Apply Groups of Filter Criteria from Configuration
Usage
apply_filters(data, groups, length_column = NULL, id_columns = names(data)[1L])
Arguments
- data
data frame
- groups
names of filter criteria groups defined in list returned by
kwb.prep:::read_filter_criteria
- length_column
name of column in
data
containing lengths (to be summed up for the overview that is returned)- id_columns
names of column(s) in
data
that uniquely identify the records. This column / these columns are returned in order to report about the records that have been removed
Value
data, filtered according to the specified criteria.
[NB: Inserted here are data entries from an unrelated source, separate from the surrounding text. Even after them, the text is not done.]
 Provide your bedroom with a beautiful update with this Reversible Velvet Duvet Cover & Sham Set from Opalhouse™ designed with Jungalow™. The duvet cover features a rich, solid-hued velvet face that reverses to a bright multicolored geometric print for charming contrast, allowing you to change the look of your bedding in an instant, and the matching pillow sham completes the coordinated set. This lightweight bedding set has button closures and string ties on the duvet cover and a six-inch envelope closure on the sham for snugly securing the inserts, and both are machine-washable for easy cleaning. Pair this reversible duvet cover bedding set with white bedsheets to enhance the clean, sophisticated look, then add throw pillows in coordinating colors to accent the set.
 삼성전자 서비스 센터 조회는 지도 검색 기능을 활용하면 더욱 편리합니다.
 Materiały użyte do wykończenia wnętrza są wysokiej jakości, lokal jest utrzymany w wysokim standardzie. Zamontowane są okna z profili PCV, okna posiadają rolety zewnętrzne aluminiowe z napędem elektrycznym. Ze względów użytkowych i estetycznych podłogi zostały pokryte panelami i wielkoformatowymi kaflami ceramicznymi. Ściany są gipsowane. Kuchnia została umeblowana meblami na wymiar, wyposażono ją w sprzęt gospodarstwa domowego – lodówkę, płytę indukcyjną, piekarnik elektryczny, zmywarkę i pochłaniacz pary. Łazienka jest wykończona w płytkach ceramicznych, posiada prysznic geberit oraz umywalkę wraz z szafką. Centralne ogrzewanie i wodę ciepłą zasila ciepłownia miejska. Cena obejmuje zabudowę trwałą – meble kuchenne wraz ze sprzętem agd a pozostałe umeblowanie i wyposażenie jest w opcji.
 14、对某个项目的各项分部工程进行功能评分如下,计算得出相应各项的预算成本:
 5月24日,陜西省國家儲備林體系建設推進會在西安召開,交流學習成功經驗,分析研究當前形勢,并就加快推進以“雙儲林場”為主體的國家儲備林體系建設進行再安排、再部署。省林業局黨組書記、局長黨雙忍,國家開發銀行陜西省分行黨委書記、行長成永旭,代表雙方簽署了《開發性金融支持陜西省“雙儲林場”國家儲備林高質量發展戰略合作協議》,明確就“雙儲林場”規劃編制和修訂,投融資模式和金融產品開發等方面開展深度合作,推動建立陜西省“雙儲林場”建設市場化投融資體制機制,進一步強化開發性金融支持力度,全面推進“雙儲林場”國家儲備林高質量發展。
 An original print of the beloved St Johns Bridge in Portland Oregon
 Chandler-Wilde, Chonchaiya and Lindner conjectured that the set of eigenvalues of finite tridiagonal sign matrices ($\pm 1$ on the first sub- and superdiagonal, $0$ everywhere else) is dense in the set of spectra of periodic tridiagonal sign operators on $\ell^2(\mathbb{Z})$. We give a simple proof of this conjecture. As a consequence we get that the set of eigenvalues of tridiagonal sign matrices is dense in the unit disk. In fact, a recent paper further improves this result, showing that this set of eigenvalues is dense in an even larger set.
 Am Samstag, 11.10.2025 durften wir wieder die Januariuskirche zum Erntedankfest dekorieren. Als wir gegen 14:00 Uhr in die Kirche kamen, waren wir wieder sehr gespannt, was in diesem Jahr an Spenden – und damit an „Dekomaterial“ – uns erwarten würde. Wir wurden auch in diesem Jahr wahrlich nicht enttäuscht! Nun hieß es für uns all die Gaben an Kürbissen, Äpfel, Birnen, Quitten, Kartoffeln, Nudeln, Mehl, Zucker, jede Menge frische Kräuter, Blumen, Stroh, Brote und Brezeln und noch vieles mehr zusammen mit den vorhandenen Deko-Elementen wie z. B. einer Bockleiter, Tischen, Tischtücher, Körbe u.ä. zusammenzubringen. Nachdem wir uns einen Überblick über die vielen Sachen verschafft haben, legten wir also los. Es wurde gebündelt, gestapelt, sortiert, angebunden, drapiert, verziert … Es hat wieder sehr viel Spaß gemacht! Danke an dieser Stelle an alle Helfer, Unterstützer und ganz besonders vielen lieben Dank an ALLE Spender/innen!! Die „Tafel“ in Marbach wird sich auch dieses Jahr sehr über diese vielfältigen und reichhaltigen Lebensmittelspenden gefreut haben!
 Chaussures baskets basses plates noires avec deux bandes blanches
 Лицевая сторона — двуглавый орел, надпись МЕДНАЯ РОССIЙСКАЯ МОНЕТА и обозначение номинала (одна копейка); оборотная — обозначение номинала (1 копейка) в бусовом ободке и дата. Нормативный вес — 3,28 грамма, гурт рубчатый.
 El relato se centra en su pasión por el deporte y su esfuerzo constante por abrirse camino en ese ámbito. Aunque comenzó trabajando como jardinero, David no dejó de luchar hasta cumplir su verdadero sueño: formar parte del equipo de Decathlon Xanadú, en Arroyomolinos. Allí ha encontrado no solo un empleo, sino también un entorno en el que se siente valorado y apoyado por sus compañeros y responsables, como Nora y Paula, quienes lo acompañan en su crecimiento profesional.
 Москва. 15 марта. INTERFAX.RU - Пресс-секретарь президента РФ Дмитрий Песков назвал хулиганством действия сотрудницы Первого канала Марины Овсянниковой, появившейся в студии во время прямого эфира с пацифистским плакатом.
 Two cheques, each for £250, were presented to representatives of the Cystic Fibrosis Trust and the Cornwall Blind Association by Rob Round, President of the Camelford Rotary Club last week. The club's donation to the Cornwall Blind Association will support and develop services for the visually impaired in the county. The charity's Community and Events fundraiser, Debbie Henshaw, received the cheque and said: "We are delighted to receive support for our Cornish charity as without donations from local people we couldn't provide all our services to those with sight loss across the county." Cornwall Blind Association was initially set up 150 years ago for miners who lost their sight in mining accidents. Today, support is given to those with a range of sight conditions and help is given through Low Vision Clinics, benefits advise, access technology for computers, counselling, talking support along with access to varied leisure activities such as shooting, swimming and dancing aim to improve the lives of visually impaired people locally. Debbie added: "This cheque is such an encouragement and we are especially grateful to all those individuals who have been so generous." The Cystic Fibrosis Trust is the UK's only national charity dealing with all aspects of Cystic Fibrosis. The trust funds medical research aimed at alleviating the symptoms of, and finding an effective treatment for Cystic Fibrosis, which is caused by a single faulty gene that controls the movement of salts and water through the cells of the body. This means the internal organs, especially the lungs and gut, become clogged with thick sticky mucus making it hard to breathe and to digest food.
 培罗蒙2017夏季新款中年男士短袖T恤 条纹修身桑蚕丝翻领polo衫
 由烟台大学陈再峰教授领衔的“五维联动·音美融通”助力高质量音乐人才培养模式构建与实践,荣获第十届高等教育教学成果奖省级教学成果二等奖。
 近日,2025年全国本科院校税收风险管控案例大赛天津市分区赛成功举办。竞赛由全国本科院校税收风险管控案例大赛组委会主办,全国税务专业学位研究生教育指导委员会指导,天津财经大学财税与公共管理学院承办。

The returned data
frame has an attribute filter_info
being a list with as many
elements as there are groups
. The elements are named according to
the values given in groups
. Each list element is a list with one
element overview
(being a data frame with one row per filter
criterion) and further elements removed_<i>
being data frames with
only id_columns
that represent the records that have been removed in
the according filter step i
.
Examples
# Define filter criteria
criteria <- list(
sepal = c(
"sepal short" = "Sepal.Length < 5",
"sepal narrow" = "Sepal.Width < 3"
),
petal = c(
"petal short" = "Petal.Length < 5",
"petal narrow" = "Petal.Width < 3"
)
)
# Write criteria to temporary yaml file
tdir <- tempdir()
yaml::write_yaml(criteria, file.path(tdir, "filter_criteria.yml"))
# Set path to temporary "config" folder so that kwb.prep knows about it
set_user_config_dir(tdir)
# Apply filter groups "sepal" and "petal" to the iris dataset
result <- apply_filters(iris, c("sepal", "petal"))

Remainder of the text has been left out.